= EXERCISE GOAL =
Your output should be everything below from the line containing "<p>Photograph of a" down to the line containing "В справочнике Номенклатура", both ends included, copied exactly, with pictures left out.

= STORED DATA =
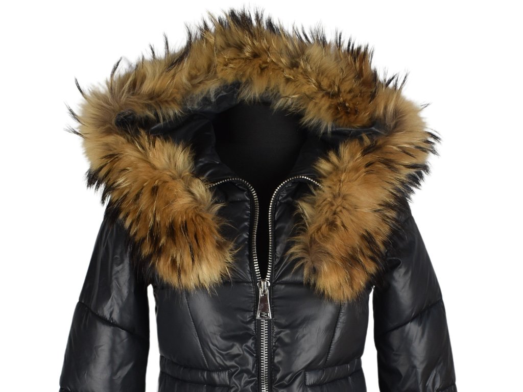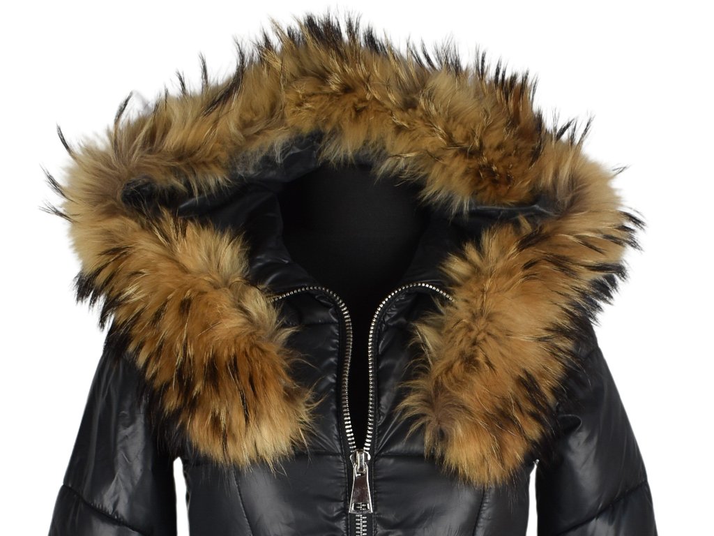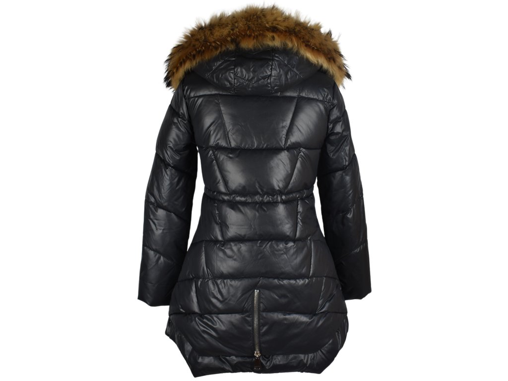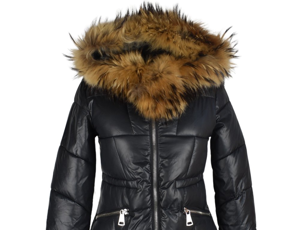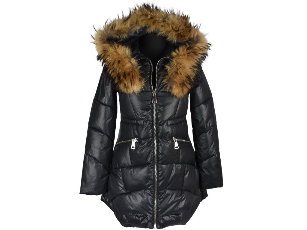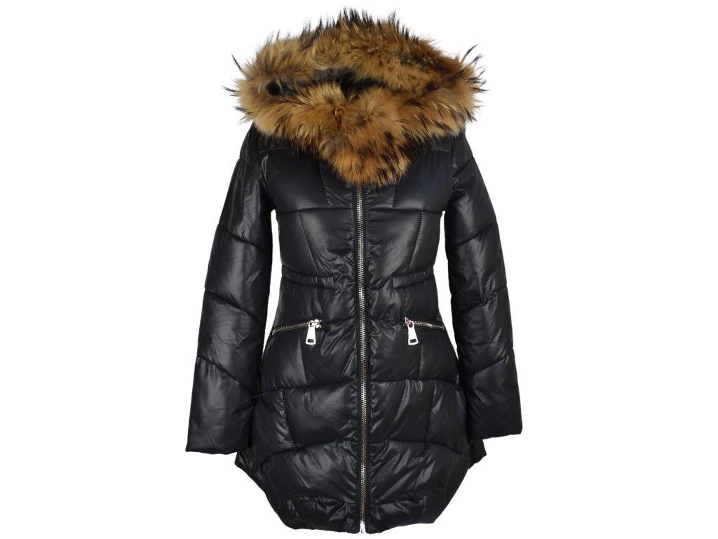 Dámská černá prošívaná parka s pravou kožešinou XS
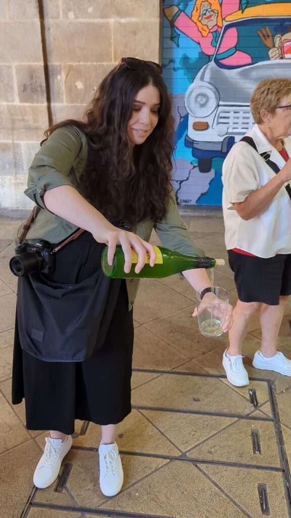 Now, there is a reason that we did this activity outside of the restaurant. Basque cider gets poured from a height way above the glass to aerate and release its flavors. It is an art, and unless you have a knack for it, spills will happen (as in my case).
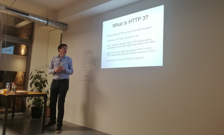 Dirkjan talked about Quinn, his Rust implementation of the QUIC protocol, which is the underlying protocol of HTTP 3. The various problems addressed by QUIC in HTTP 3 were discussed, such as the head-of-line-blocking, and how TLS-like connections are established. Quinn provides separate crates for the QUIC state machine, the HTTP 3 implementation and an implementation that runs on Linux using Tokio. Organizing the project in separate crates like this sets an example for other crate maintainers. Dirkjan also discussed other (Rust) implementations of HTTP 3, and the politics involved coordinating between them.
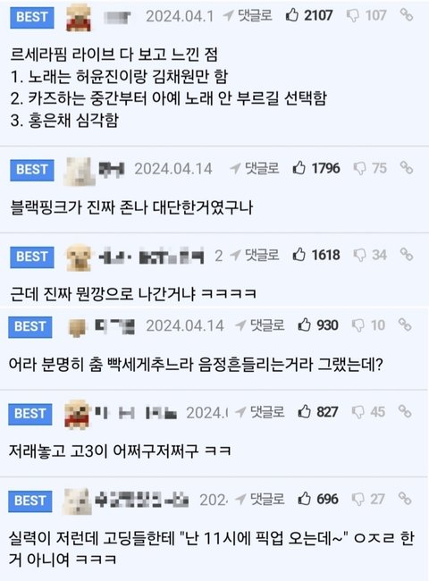 릇저씨들 패턴이 타돌 후려치면서 은근슬쩍 르세라핌 올려치고 저렇게 피코질 하는거임. 특히 걸플갤 여기서 오만 커뮤로 좌표 다 찍으면서 저러고 다님. 근데 르세라핌 코첼라는 뉴스까지 나올 정도로 진짜 말 그대로 대참사라서 작정하고 무대에서 깽판치지 않는 이상 못 넘음 ㅋㅋ
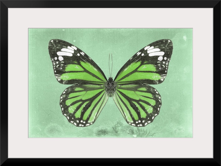 <p>Photograph of a butterfly on a green sparkly background.</p>
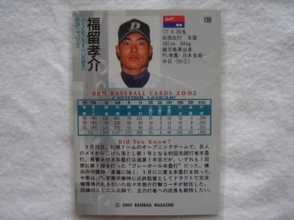 【BBM プロ野球カード 2002】No.138 福留孝介 中日ドラゴンズ【トレーディングカード トレカ ベースボールマガジン社】
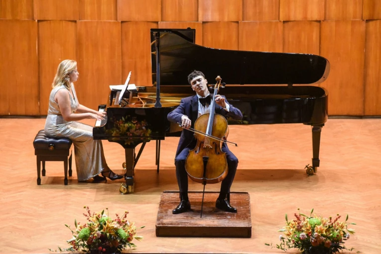 Mladi violončelista Petar Pejčić nastupio je juče na velikoj sceni Kolarčeve zadužbine uz klavirsku pratnju Natalije Mladenović, u okviru programa “BEMUS-ov podijum mladih”.
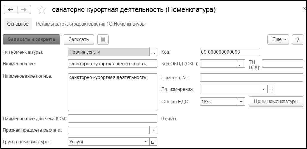 В справочнике Номенклатура (раздел Материальные запасы) вводим новый элемент – санаторно-курортная деятельность с типом номенклатуры Прочие услуги:
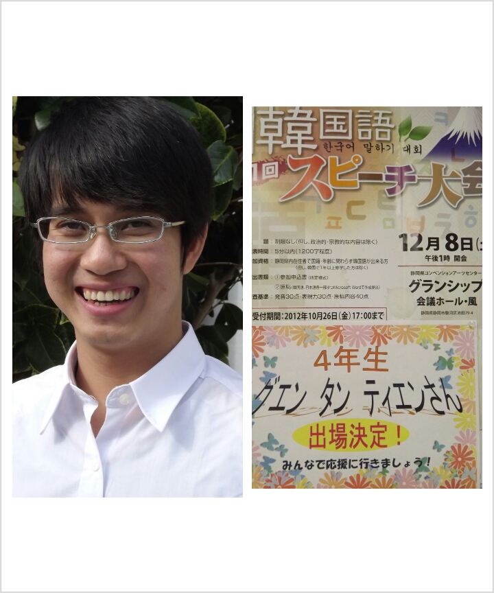 ベトナムから日本へ留学後、日本語を勉強し、私たちの学校では英語、中国語韓国語を勉強しているティエンさんですが、日頃の努力の結果です。
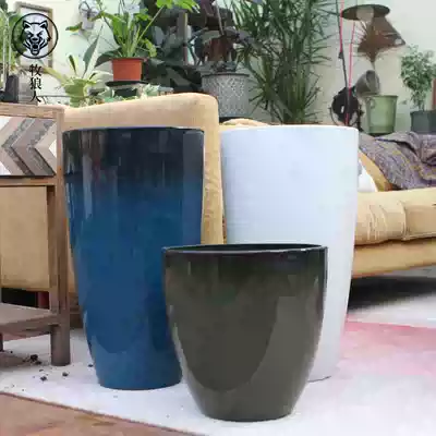 Shepherd large flower pot deep high basin High-gloss glaze thickening resin plastic Nordic simple living room floor balcony basin
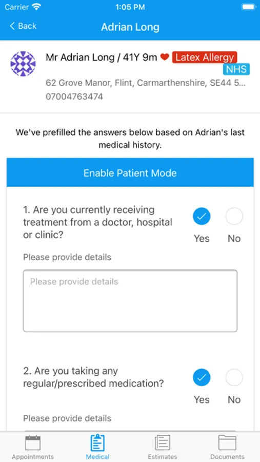 - Patients can create and sign their medical history form.
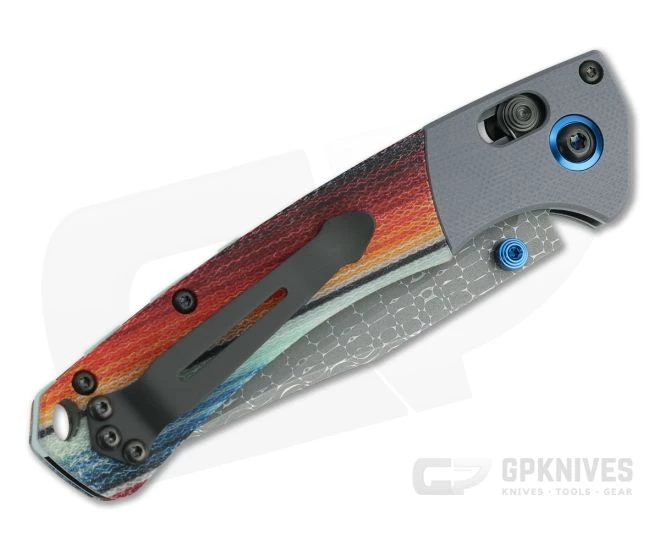 The Benchmade Mini Crooked River offers the same design as its big brother in an everyday carry platform. Now available in a Limited Edition Gold Class model, this Mini Crooked River offers the same great design with premium materials for dress carry style and collector appeal. This Mini Crooked River has a Chad Nichols “Lizard” pattern Damascus blade, gray G10 bolster and custom Mexican blanket G-Carta scales with additional custom details listed below. Limited to 200 pieces made.
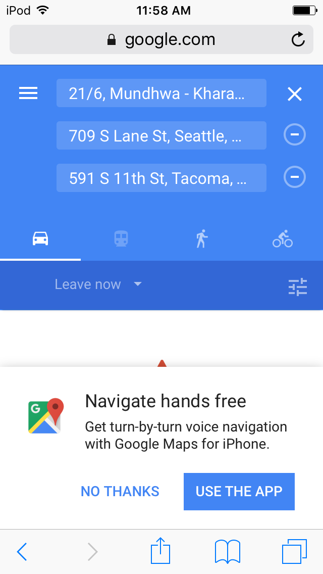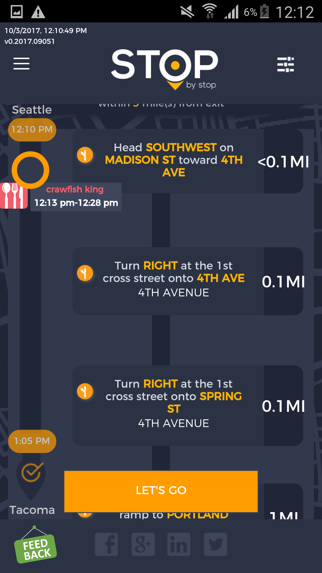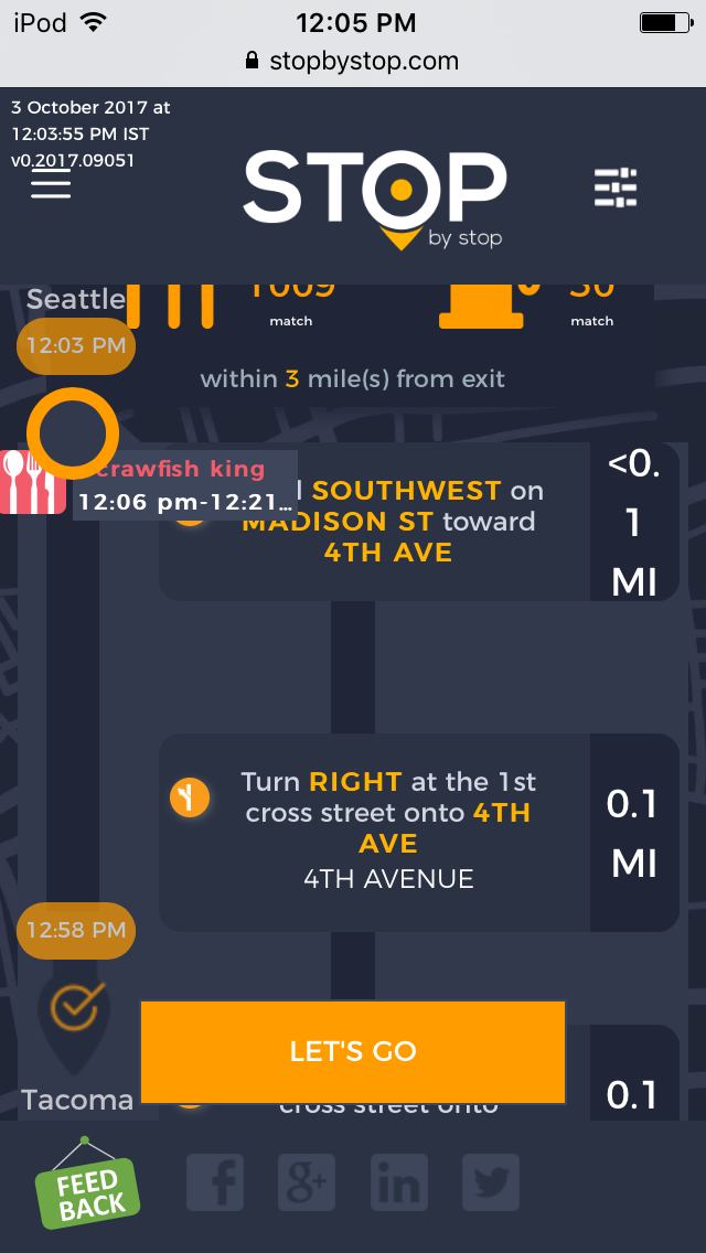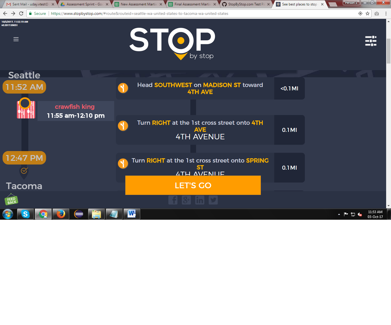 8. POISelectionGoToRoute. A. In the new browser tab open Seattle to Tacoma route. Click on first exit in the road line. Exit page should open. B. On the exit page click on the any item. POI page should open. </br/>C. On the POI page click Add to route button. POI selection popup should open. D. Click Add to route. Route page should open. E. On the sidebar there should be an icon to indicate the the place you picked. F. Click on Let's go button at the bottom of the screen. Google maps should open. Take a screenshot. |

= ANSWER FOR THIS EXERCISE =
 <p>Photograph of a butterfly on a green sparkly background.</p>
 【BBM プロ野球カード 2002】No.138 福留孝介 中日ドラゴンズ【トレーディングカード トレカ ベースボールマガジン社】
 Mladi violončelista Petar Pejčić nastupio je juče na velikoj sceni Kolarčeve zadužbine uz klavirsku pratnju Natalije Mladenović, u okviru programa “BEMUS-ov podijum mladih”.
 В справочнике Номенклатура (раздел Материальные запасы) вводим новый элемент – санаторно-курортная деятельность с типом номенклатуры Прочие услуги:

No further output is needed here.